:: Exercise data
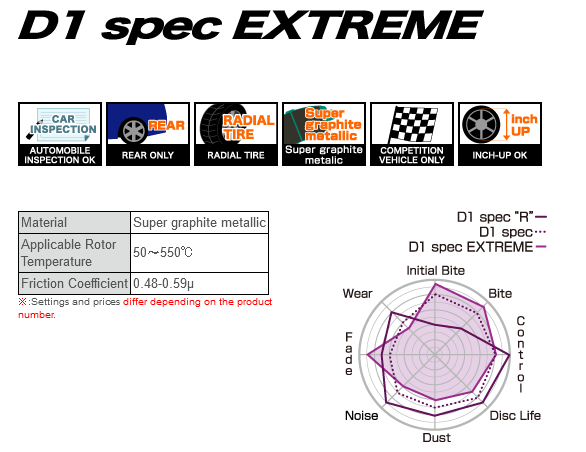 Project Mu D1 SPEC EXTREME Brake Pads - Nissan 240sx S13 S14 S15 - Rear
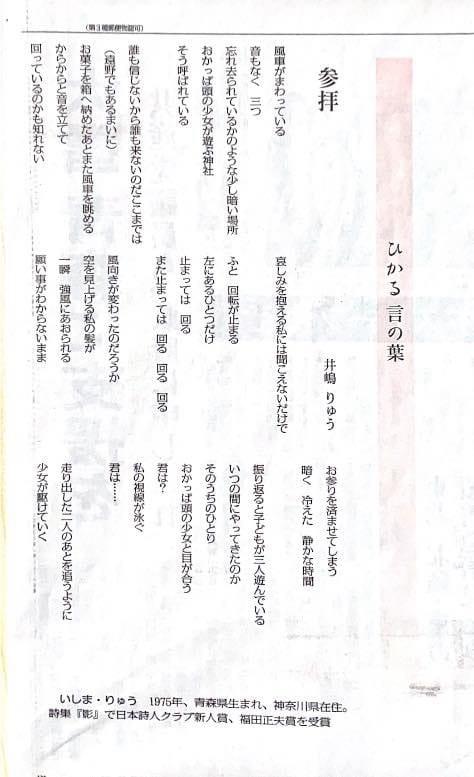 井嶋りゅうさんの詩「参拝」が掲載されております。
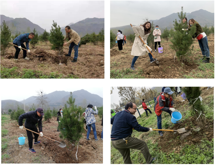 到达目的地后,通过动员讲话使大家更加深刻地认识到此次活动的意义。大家干劲十足,开始分工合作,铲土刨坑、培土围堰、浇水灌木。短短几个小时,院子里的白皮松排成了整齐的方阵,为原本空旷的秦岭观测站增添了一抹新绿,挺拔的树苗如战士般站立着,嫩绿的枝叶格外清新。
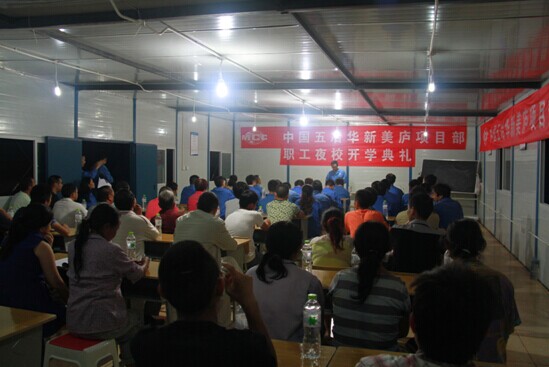 9月1日,在這個(gè)全國(guó)大大小小學(xué)校開(kāi)學(xué)的日子,一公司華新美廬項(xiàng)目部職工夜校也迎來(lái)了第一批“學(xué)生”。晚上七點(diǎn)半,華新美廬項(xiàng)目部管理人員、民工,一公司黨群部、安全部、人力資源部代表共七十余人著工裝整齊入場(chǎng),華新美廬項(xiàng)目部“職工夜校”開(kāi)學(xué)典禮拉開(kāi)了序幕。
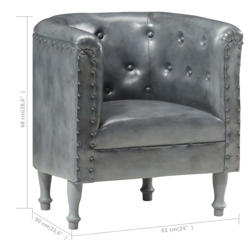 Dieser luxuriöse Armsessel mit stilvollem Design wird ein Blickfänger in jedem Zimmer sein. Er bietet die perfekte Sitzlösung für Ihre Familie zum Chatten, Lesen, Fernsehen oder einfach nur Entspannen. Der Clubsessel ist mit weichem, echtem Ziegenleder bezogen und auch dick gepolstert, um höchsten Komfort zu bieten. Die Beine aus massivem Mangoholz sind sehr stabil und langlebig. Mit seinen elegant geschwungenen Linien bringt dieser Armsessel einen luxuriösen Charme, Eleganz und Stil in jede Inneneinrichtung. Der Sessel ist einfach zu montieren. ** Farbe: Grau ** Material: Echtes Ziegenleder, massives Mangoholz ** Abmessungen: 61 x 60 x 68 cm (B x T x H) ** Poliert, gestrichen und lackiert ** Zusammenbau erforderlich: Ja Maximal 110 kg pro Sitzplatz.
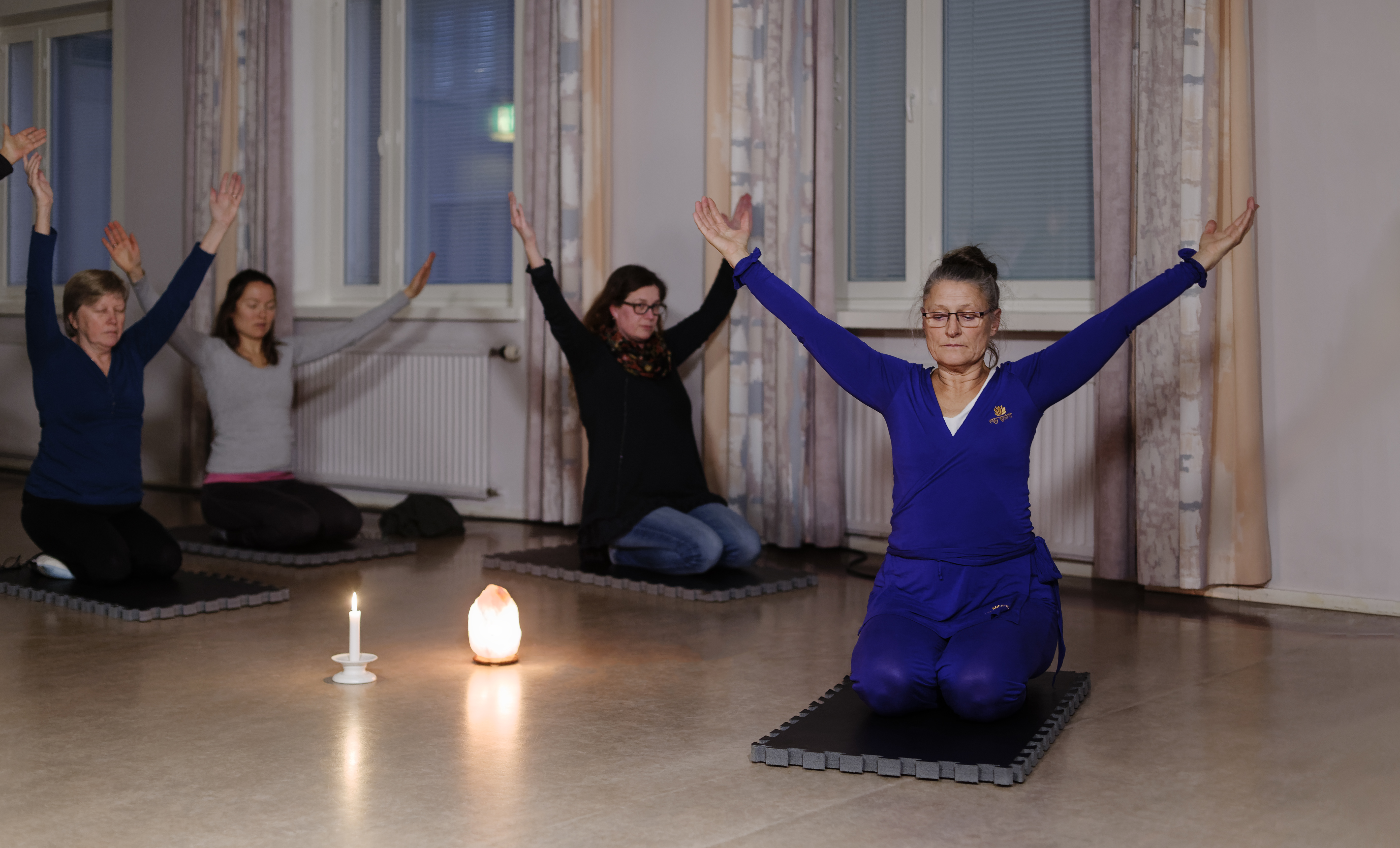 Ta med yogamatta, kuddar, filt och vattenflaska.
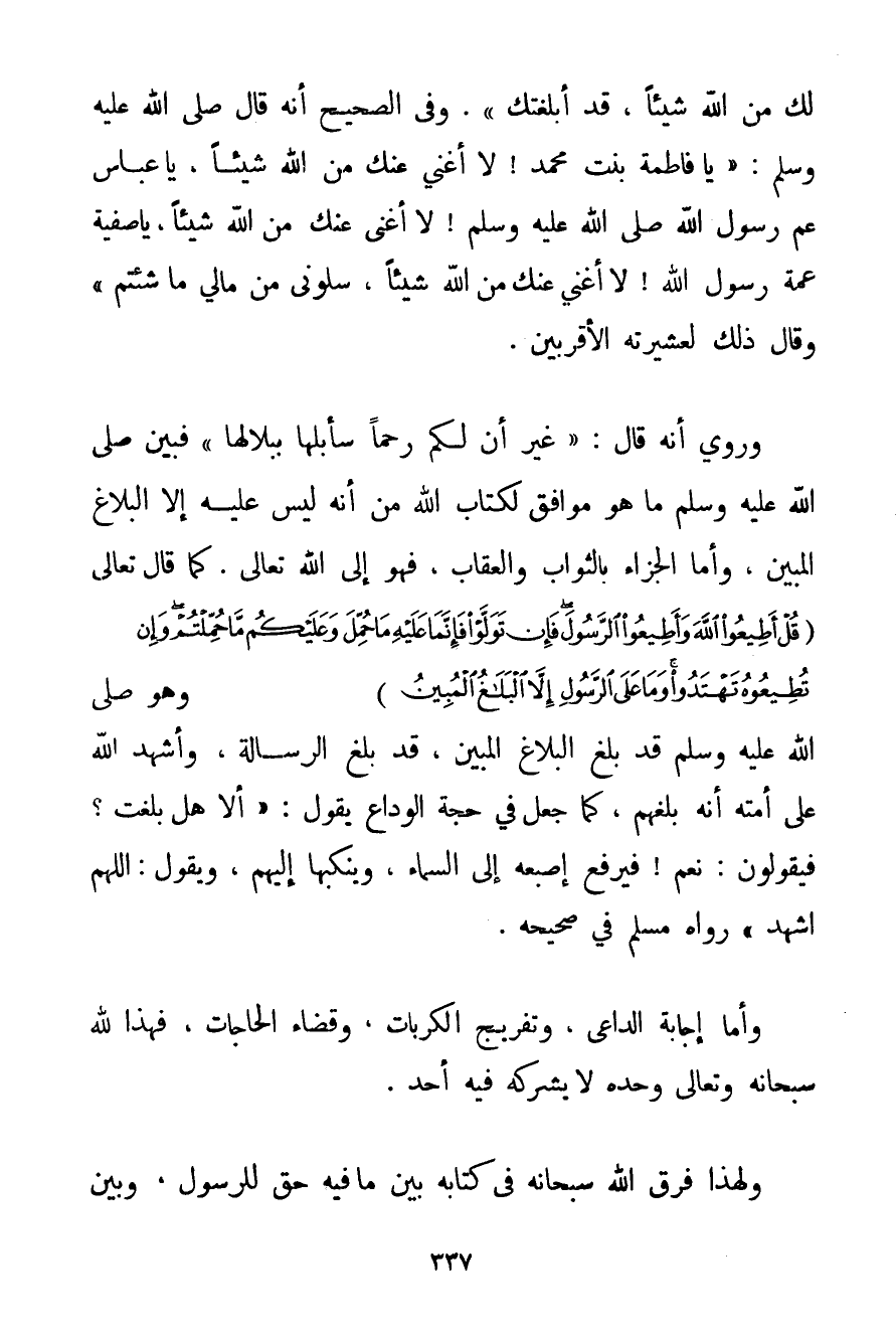 لَك مِنْ اللَّهِ شَيْئًا قَدْ أَبْلَغْتُك} . وَفِي الصَّحِيحِ أَنَّهُ قَالَ صَلَّى اللَّهُ عَلَيْهِ وَسَلَّمَ {يَا فَاطِمَةَ بِنْتَ مُحَمَّدٍ لَا أُغْنِي عَنْك مِنْ اللَّهِ شَيْئًا يَا عَبَّاسُ عَمَّ رَسُولِ اللَّهِ صَلَّى اللَّهُ عَلَيْهِ وَسَلَّمَ. لَا أُغْنِي عَنْك مِنْ اللَّهِ شَيْئًا يَا صَفِيَّةُ عَمَّةَ رَسُولِ اللَّهِ لَا أُغْنِي عَنْك مِنْ اللَّهِ شَيْئًا سَلُونِي مِنْ مَالِي مَا شِئْتُمْ} وَقَالَ ذَلِكَ لِعَشِيرَتِهِ الْأَقْرَبِينَ. وَرُوِيَ أَنَّهُ قَالَ: {غَيْرَ أَنَّ لَكُمْ رَحِمًا سَأَبُلُّهَا بِبِلَالِهَا} فَبَيَّنَ صَلَّى اللَّهُ عَلَيْهِ وَسَلَّمَ مَا هُوَ مُوَافِقٌ لِكِتَابِ اللَّهِ مِنْ أَنَّهُ لَيْسَ عَلَيْهِ إلَّا الْبَلَاغُ الْمُبِينُ وَأَمَّا الْجَزَاءُ بِالثَّوَابِ وَالْعِقَابِ فَهُوَ إلَى اللَّهِ تَعَالَى، كَمَا قَالَ تَعَالَى {قُلْ أَطِيعُوا اللَّهَ وَأَطِيعُوا الرَّسُولَ فَإِنْ تَوَلَّوْا فَإِنَّمَا عَلَيْهِ مَا حُمِّلَ وَعَلَيْكُمْ مَا حُمِّلْتُمْ وَإِنْ تُطِيعُوهُ تَهْتَدُوا وَمَا عَلَى الرَّسُولِ إلَّا الْبَلَاغُ الْمُبِينُ} وَهُوَ صَلَّى اللَّهُ عَلَيْهِ وَسَلَّمَ قَدْ بَلَّغَ الْبَلَاغَ الْمُبِينَ قَدْ بَلَّغَ الرِّسَالَةَ وَأَشْهَدَ اللَّهَ عَلَى أُمَّتِهِ أَنَّهُ بَلَّغَهُمْ كَمَا جَعَلَ فِي حَجَّةِ الْوَدَاعِ يَقُولُ: {أَلَا هَلْ بَلَّغْت؟ فَيَقُولُونَ: نَعَمْ فَيَرْفَعُ إصْبَعَهُ إلَى السَّمَاءِ وَيَنْكُتُهَا إلَيْهِمْ وَيَقُولُ: اللَّهُمَّ اشْهَدْ} رَوَاهُ مُسْلِمٌ فِي صَحِيحِهِ. وَأَمَّا إجَابَةُ الدَّاعِي وَتَفْرِيجُ الْكُرُبَاتِ وَقَضَاءُ الْحَاجَاتِ فَهَذَا لِلَّهِ سُبْحَانَهُ وَتَعَالَى وَحْدَهُ لَا يَشْرَكُهُ فِيهِ أَحَدٌ. وَلِهَذَا فَرَّقَ اللَّهُ سُبْحَانَهُ فِي كِتَابِهِ بَيْنَ مَا فِيهِ حَقٌّ لِلرَّسُولِ
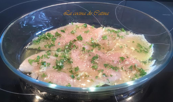 Lavamos los filetes de pechuga y los escurrimos bien, los colocamos en una fuente y le ponemos sal, pimienta, el perejil picado, el ajo picado y un buen chorro de aceite de oliva. Untamos bien los filetes con esta mezcla y los dejamos marinar un par de horas en el frigorífico.Precalentamos el horno a 150 grados.
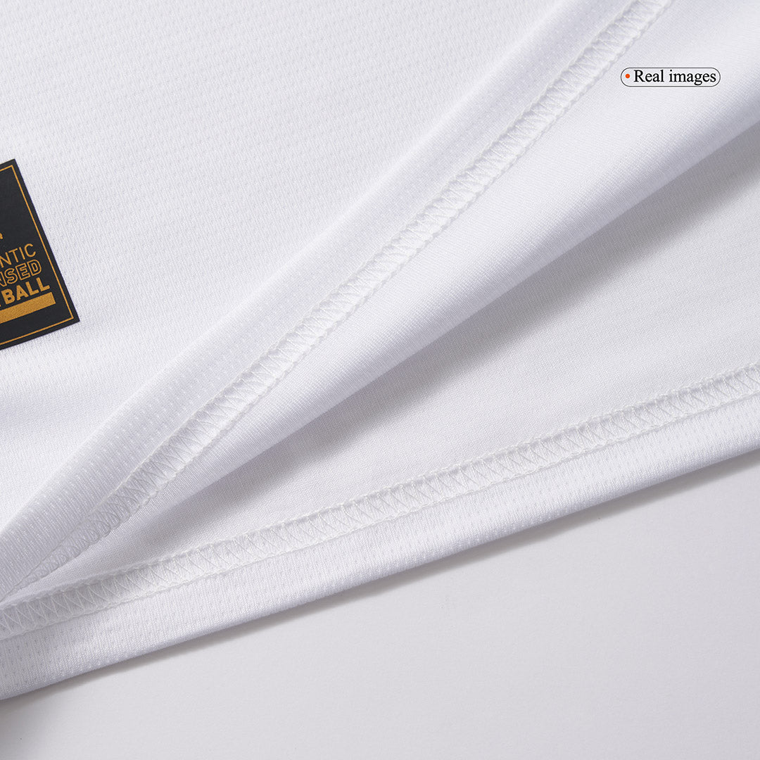 La version "Joueur" est identique à celle portée en match, plus ajustée et technique pour la performance. La version "Supporter" est conçue pour le confort quotidien avec une coupe plus standard. Les écussons sont souvent thermocollés sur la version Joueur et brodés sur la version Supporter pour plus de durabilité.
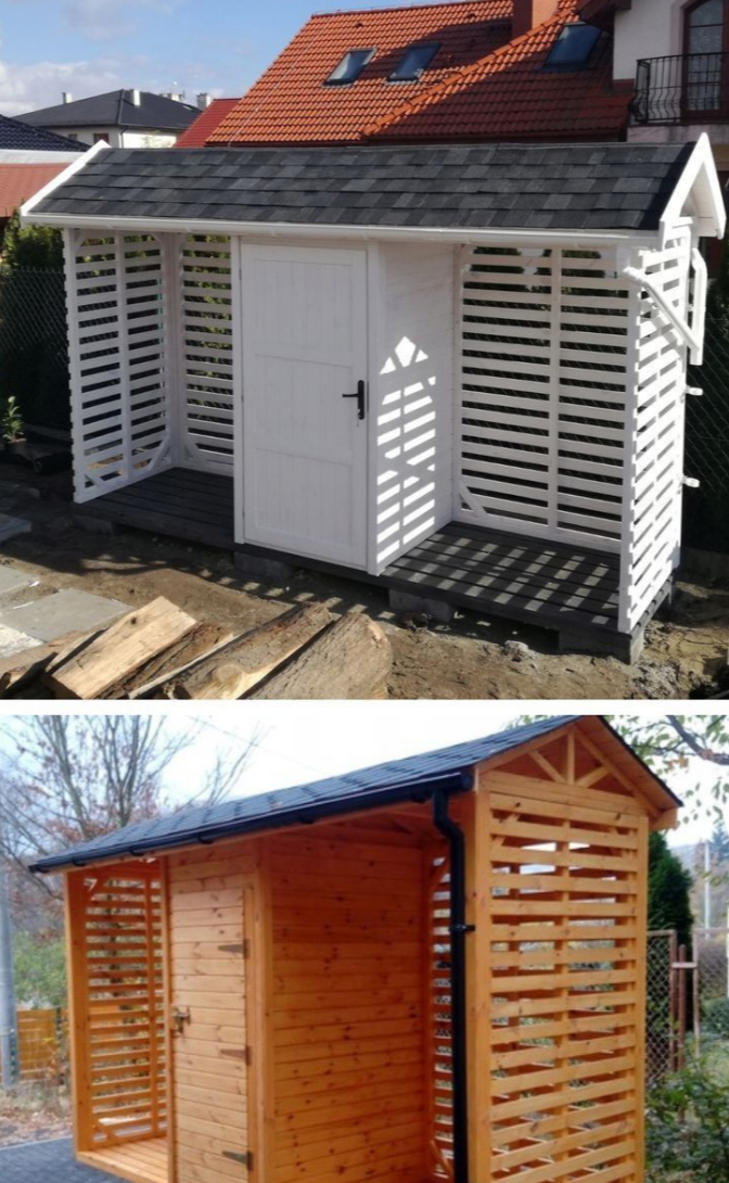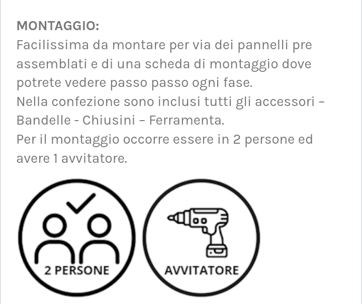 Viene fornito completo di pedana con gomma nera antiscivolo in PVC ,tetto coibentato con guaina ardesiata, struttura di colore bianco/noce a scelta (2mani) 3 ribalte autonome, montaggio incluso nel prezzo € 2400
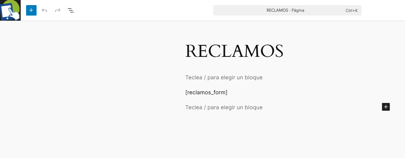 Luego de creada la pagina ingrese al cuerpo y tipee o pege el texto [reclamos_form]
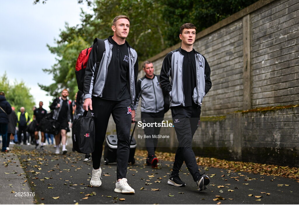 15 September 2023; Cameron Elliott, left, and Alfie Lewis of Dundalk arrive before the Sports Direct Men’s FAI Cup quarter-final match between Galway United and Dundalk at Eamonn Deacy Park in Galway. Photo by Ben McShane/Sportsfile
::::
■ **Exercise directions**:
Pictures do not belong in the copy. Reproduce the rest of the data exactly.

■ **Output of the exercise**:
 Project Mu D1 SPEC EXTREME Brake Pads - Nissan 240sx S13 S14 S15 - Rear
 井嶋りゅうさんの詩「参拝」が掲載されております。
 到达目的地后,通过动员讲话使大家更加深刻地认识到此次活动的意义。大家干劲十足,开始分工合作,铲土刨坑、培土围堰、浇水灌木。短短几个小时,院子里的白皮松排成了整齐的方阵,为原本空旷的秦岭观测站增添了一抹新绿,挺拔的树苗如战士般站立着,嫩绿的枝叶格外清新。
 9月1日,在這個(gè)全國(guó)大大小小學(xué)校開(kāi)學(xué)的日子,一公司華新美廬項(xiàng)目部職工夜校也迎來(lái)了第一批“學(xué)生”。晚上七點(diǎn)半,華新美廬項(xiàng)目部管理人員、民工,一公司黨群部、安全部、人力資源部代表共七十余人著工裝整齊入場(chǎng),華新美廬項(xiàng)目部“職工夜校”開(kāi)學(xué)典禮拉開(kāi)了序幕。
 Dieser luxuriöse Armsessel mit stilvollem Design wird ein Blickfänger in jedem Zimmer sein. Er bietet die perfekte Sitzlösung für Ihre Familie zum Chatten, Lesen, Fernsehen oder einfach nur Entspannen. Der Clubsessel ist mit weichem, echtem Ziegenleder bezogen und auch dick gepolstert, um höchsten Komfort zu bieten. Die Beine aus massivem Mangoholz sind sehr stabil und langlebig. Mit seinen elegant geschwungenen Linien bringt dieser Armsessel einen luxuriösen Charme, Eleganz und Stil in jede Inneneinrichtung. Der Sessel ist einfach zu montieren. ** Farbe: Grau ** Material: Echtes Ziegenleder, massives Mangoholz ** Abmessungen: 61 x 60 x 68 cm (B x T x H) ** Poliert, gestrichen und lackiert ** Zusammenbau erforderlich: Ja Maximal 110 kg pro Sitzplatz.
 Ta med yogamatta, kuddar, filt och vattenflaska.
 لَك مِنْ اللَّهِ شَيْئًا قَدْ أَبْلَغْتُك} . وَفِي الصَّحِيحِ أَنَّهُ قَالَ صَلَّى اللَّهُ عَلَيْهِ وَسَلَّمَ {يَا فَاطِمَةَ بِنْتَ مُحَمَّدٍ لَا أُغْنِي عَنْك مِنْ اللَّهِ شَيْئًا يَا عَبَّاسُ عَمَّ رَسُولِ اللَّهِ صَلَّى اللَّهُ عَلَيْهِ وَسَلَّمَ. لَا أُغْنِي عَنْك مِنْ اللَّهِ شَيْئًا يَا صَفِيَّةُ عَمَّةَ رَسُولِ اللَّهِ لَا أُغْنِي عَنْك مِنْ اللَّهِ شَيْئًا سَلُونِي مِنْ مَالِي مَا شِئْتُمْ} وَقَالَ ذَلِكَ لِعَشِيرَتِهِ الْأَقْرَبِينَ. وَرُوِيَ أَنَّهُ قَالَ: {غَيْرَ أَنَّ لَكُمْ رَحِمًا سَأَبُلُّهَا بِبِلَالِهَا} فَبَيَّنَ صَلَّى اللَّهُ عَلَيْهِ وَسَلَّمَ مَا هُوَ مُوَافِقٌ لِكِتَابِ اللَّهِ مِنْ أَنَّهُ لَيْسَ عَلَيْهِ إلَّا الْبَلَاغُ الْمُبِينُ وَأَمَّا الْجَزَاءُ بِالثَّوَابِ وَالْعِقَابِ فَهُوَ إلَى اللَّهِ تَعَالَى، كَمَا قَالَ تَعَالَى {قُلْ أَطِيعُوا اللَّهَ وَأَطِيعُوا الرَّسُولَ فَإِنْ تَوَلَّوْا فَإِنَّمَا عَلَيْهِ مَا حُمِّلَ وَعَلَيْكُمْ مَا حُمِّلْتُمْ وَإِنْ تُطِيعُوهُ تَهْتَدُوا وَمَا عَلَى الرَّسُولِ إلَّا الْبَلَاغُ الْمُبِينُ} وَهُوَ صَلَّى اللَّهُ عَلَيْهِ وَسَلَّمَ قَدْ بَلَّغَ الْبَلَاغَ الْمُبِينَ قَدْ بَلَّغَ الرِّسَالَةَ وَأَشْهَدَ اللَّهَ عَلَى أُمَّتِهِ أَنَّهُ بَلَّغَهُمْ كَمَا جَعَلَ فِي حَجَّةِ الْوَدَاعِ يَقُولُ: {أَلَا هَلْ بَلَّغْت؟ فَيَقُولُونَ: نَعَمْ فَيَرْفَعُ إصْبَعَهُ إلَى السَّمَاءِ وَيَنْكُتُهَا إلَيْهِمْ وَيَقُولُ: اللَّهُمَّ اشْهَدْ} رَوَاهُ مُسْلِمٌ فِي صَحِيحِهِ. وَأَمَّا إجَابَةُ الدَّاعِي وَتَفْرِيجُ الْكُرُبَاتِ وَقَضَاءُ الْحَاجَاتِ فَهَذَا لِلَّهِ سُبْحَانَهُ وَتَعَالَى وَحْدَهُ لَا يَشْرَكُهُ فِيهِ أَحَدٌ. وَلِهَذَا فَرَّقَ اللَّهُ سُبْحَانَهُ فِي كِتَابِهِ بَيْنَ مَا فِيهِ حَقٌّ لِلرَّسُولِ
 Lavamos los filetes de pechuga y los escurrimos bien, los colocamos en una fuente y le ponemos sal, pimienta, el perejil picado, el ajo picado y un buen chorro de aceite de oliva. Untamos bien los filetes con esta mezcla y los dejamos marinar un par de horas en el frigorífico.Precalentamos el horno a 150 grados.
 La version "Joueur" est identique à celle portée en match, plus ajustée et technique pour la performance. La version "Supporter" est conçue pour le confort quotidien avec une coupe plus standard. Les écussons sont souvent thermocollés sur la version Joueur et brodés sur la version Supporter pour plus de durabilité.
 Viene fornito completo di pedana con gomma nera antiscivolo in PVC ,tetto coibentato con guaina ardesiata, struttura di colore bianco/noce a scelta (2mani) 3 ribalte autonome, montaggio incluso nel prezzo € 2400
 Luego de creada la pagina ingrese al cuerpo y tipee o pege el texto [reclamos_form]
 15 September 2023; Cameron Elliott, left, and Alfie Lewis of Dundalk arrive before the Sports Direct Men’s FAI Cup quarter-final match between Galway United and Dundalk at Eamonn Deacy Park in Galway. Photo by Ben McShane/Sportsfile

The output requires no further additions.